> [Directions for this task] Transcribe exactly everything in the data below from the line containing "What to Wear" down to the line containing "The murky, brown", both lines included and nothing further.

> [Entries supplied]
★ ★ ★

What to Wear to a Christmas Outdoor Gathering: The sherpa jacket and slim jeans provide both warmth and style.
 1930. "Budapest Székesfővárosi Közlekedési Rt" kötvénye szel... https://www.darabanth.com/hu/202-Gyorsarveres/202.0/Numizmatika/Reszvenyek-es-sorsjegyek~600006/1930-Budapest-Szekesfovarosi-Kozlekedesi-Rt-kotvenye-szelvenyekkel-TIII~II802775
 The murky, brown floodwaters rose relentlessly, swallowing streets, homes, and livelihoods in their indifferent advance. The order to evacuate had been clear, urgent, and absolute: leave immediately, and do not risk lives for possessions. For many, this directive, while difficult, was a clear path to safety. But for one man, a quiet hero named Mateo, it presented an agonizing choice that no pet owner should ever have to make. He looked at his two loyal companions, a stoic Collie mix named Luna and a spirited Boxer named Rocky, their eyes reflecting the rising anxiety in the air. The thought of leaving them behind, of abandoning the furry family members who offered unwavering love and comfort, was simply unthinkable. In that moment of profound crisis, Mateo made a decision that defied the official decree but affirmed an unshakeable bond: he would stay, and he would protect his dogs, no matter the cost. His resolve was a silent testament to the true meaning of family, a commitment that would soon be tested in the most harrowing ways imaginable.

★ ★ ★

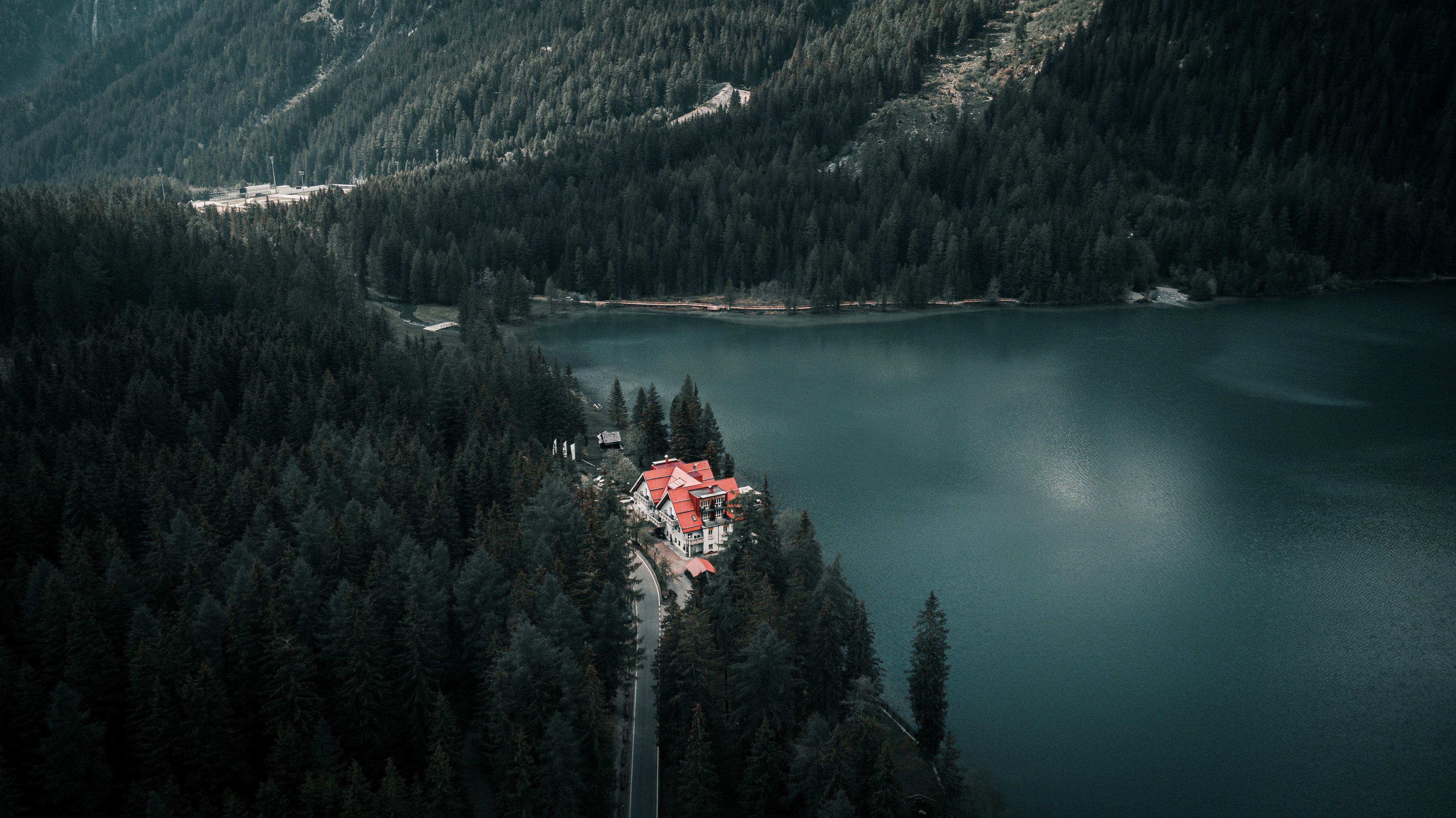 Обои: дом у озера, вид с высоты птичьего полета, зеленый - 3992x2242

★ ★ ★

> [Reply]
What to Wear to a Christmas Outdoor Gathering: The sherpa jacket and slim jeans provide both warmth and style.
 1930. "Budapest Székesfővárosi Közlekedési Rt" kötvénye szel... https://www.darabanth.com/hu/202-Gyorsarveres/202.0/Numizmatika/Reszvenyek-es-sorsjegyek~600006/1930-Budapest-Szekesfovarosi-Kozlekedesi-Rt-kotvenye-szelvenyekkel-TIII~II802775
 The murky, brown floodwaters rose relentlessly, swallowing streets, homes, and livelihoods in their indifferent advance. The order to evacuate had been clear, urgent, and absolute: leave immediately, and do not risk lives for possessions. For many, this directive, while difficult, was a clear path to safety. But for one man, a quiet hero named Mateo, it presented an agonizing choice that no pet owner should ever have to make. He looked at his two loyal companions, a stoic Collie mix named Luna and a spirited Boxer named Rocky, their eyes reflecting the rising anxiety in the air. The thought of leaving them behind, of abandoning the furry family members who offered unwavering love and comfort, was simply unthinkable. In that moment of profound crisis, Mateo made a decision that defied the official decree but affirmed an unshakeable bond: he would stay, and he would protect his dogs, no matter the cost. His resolve was a silent testament to the true meaning of family, a commitment that would soon be tested in the most harrowing ways imaginable.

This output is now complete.